Art Form: Singing, leading, and teaching lined out, metered hymns
Location(s): Detroit (Wayne County)
Deacon Albert Likely

Deacon Albert Likely leading a hymn

Portrait of Deacon Albert Likely
Albert Likely (1924-1998) was a devoted deacon in Hartford Memorial Baptist Church (Detroit) and a master performer and committed teacher of the metered hymn tradition. Created by enslaved Africans in the United States, metered hymns are tunes led by a deacon or preacher with a good voice who defines the tune by chanting the lines of the hymn, which is called lining out. These lines are repeated in harmony by the congregation. The notes were not written but remembered and passed from one generation to the next. Many of these tunes have been lost.

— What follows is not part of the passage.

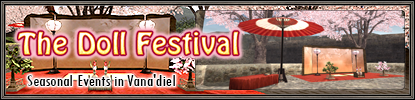 In each nation, you'll find cherry blossoms blooming, as well as special doll stands set up to celebrate this festive occasion. You can also receive Doll Festival-related items from the moogles once per day (Vana'diel time). Make sure to obtain these uniquely seasonal rewards!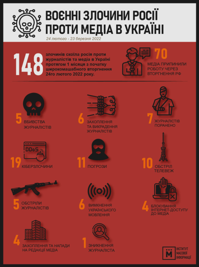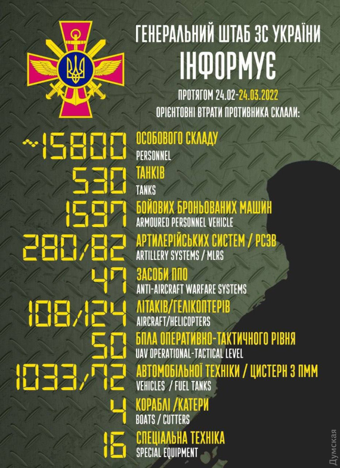 Месяц Украинского Сопротивления: успешные контрудары, зверства российских нацистов и посевная (обновляется)Продолжается открытое нападение РФ на Украину, которое Путин начал 24 февраля в 5 утра. Хроника вчерашнего дня боев — по ссылке. ОБНОВЛЕНО В 23:44. 24 марта сработали все семь согласованных гуманитарных коридоров для эвакуации граждан из населенных пунктов, в которых ведутся боевые действия. По ним удалось эвакуировать 3343 человека. ОБНОВЛЕНО В 21:57. Генеральный штаб Вооруженных сил Украины обнародовал сводку о ситуации на фронтах российско-украинской войны по состоянию на 18:00. ОБНОВЛЕНО В 21:22. За сегодняшний день российские нацисты обстреливали Одесскую область с корабельной артиллерии и крылатыми ракетами. Об этом заявил в своем обращении к жителям области глава Одесской ОВА Максим Марченко. Все снаряды упали в море, а ракету сбила украинская ПВО, уточнил он. «Сегодня дал указания организовать как следует работу «Укрпочты» и «НовойПочты», чтобы не было преград в отправке и получении почтовых отправлений. Также поручил усовершенствовать работу автобусных пригородных маршрутов. Тихой вам ночи! Все будет Украина!» — добавил глава Одесской ОВА. ОБНОВЛЕНО В 19:30. Российский истребитель-бомбардировщик Су-34 и беспилотник сбила противовоздушная оборона ВС Украины на харьковском направлении. Об этом сообщили в Воздушном командовании «Восток». «Они упали», — скромно добавили украинские военные. ОБНОВЛЕНО В 19:15. Тела военнослужащих Вооруженных сил Украины, которые погибли в результате ракетного обстрела российскими нацистами казармы в Николаеве, привезли сегодня в Одесскую область. Это 20-летний Виталий Баргилевич из Степового, 29-летний Иван Быков из Сухого Лимана, 29-летний Юрий Нерубайский из Таировской ОТГ, 42-летний Николай Дудка из Арциза. Погибших воинов встречали местные жители, выстроившиеся в живые цепи вдоль улиц. Вечная память и слава защитникам Украины! ОБНОВЛЕНО В 18:37. Российские «освободители» за месяц широкомасштабной войны в Украине убили пятерых журналистов, еще семерых — ранили. По данным Института массовой информации, рф совершила 148 преступлений против СМИ. «По состоянию на 24 марта пятеро журналистов убиты во время исполнения профессиональных обязанностей, семеро ранены, один журналист пропал без вести. ИМИ известно о по меньшей мере шести случаях захвата журналистов россиянами в заложники и жестокого обращения с ними»,- сообщается на платформе Института. Неизвестной остается судьба фотокорреспондента Максима Левина, который освещал боевые события под Киевом и скрылся 13 марта. Согласно данным мониторинга, вражеские войска обстреляли 10 телебашен, из-за чего в восьми регионах Украины полностью или временно исчезло теле- и радиовещание. Кроме того, минимум 70 региональных медиа вынуждены были прекратить работу из-за угроз и захвата редакций российскими оккупантами. ОБНОВЛЕНО В 18:06. Силы украинской ПВО сбили беспилотник и истребитель-бомбардировщик на Харьковском направлении. Об этом сообщают в Воздушном командовании «Схід». «Враг недосчитался 1 БПЛА и еще один истребитель-бомбардировщик Су-34. Они упали», — говорится в сообщении. ОБНОВЛЕНО В 17:50. Уже 100 тысяч американских военных находится в Европе. Кроме того, свои силы направляет на континент Великобритания и Канада. Готовятся к обороне и европейские чл

Deacon Likely knew formerly enslaved people in his family near Evergreen, Alabama, who taught him metered hymn singing. His grandfather sang them as he farmed his land, and Deacon Likely recalled that the hymns drew others to the side of the road where impromptu church meetings evolved. His mother's tradition was to begin Christmas Day with a metered hymn rather than a holiday carol. By the age 16, Deacon Likely had become a metered hymn singer, too, and sang as he performed his farm chores.
When he moved to Detroit, Deacon Likely discovered that in virtually every church at least one person could perform metered hymns. When he joined Hartford Church, his gift was discovered and older deacons often sent new or younger deacons to his home to learn the art of lining out a hymn. Deacon Likely was unique in his ability to remember hymn tunes and to teach them. Because of Deacon Likely, many on the Board of Deacons at Hartford are adept at lining out and combining the right lyric with the correct tune and meter.
For several years, Deacon Likely participated in the Michigan Traditional Arts Apprenticeship Program as mentor artist of several young deacons at Elyton Baptist Church. He also taught new generations of deacons in Pilgrim Baptist Church and instructed, inspired, and trained deacons of the Baptist churches in the Progressive National Baptist Convention to sing and lead metered hymns.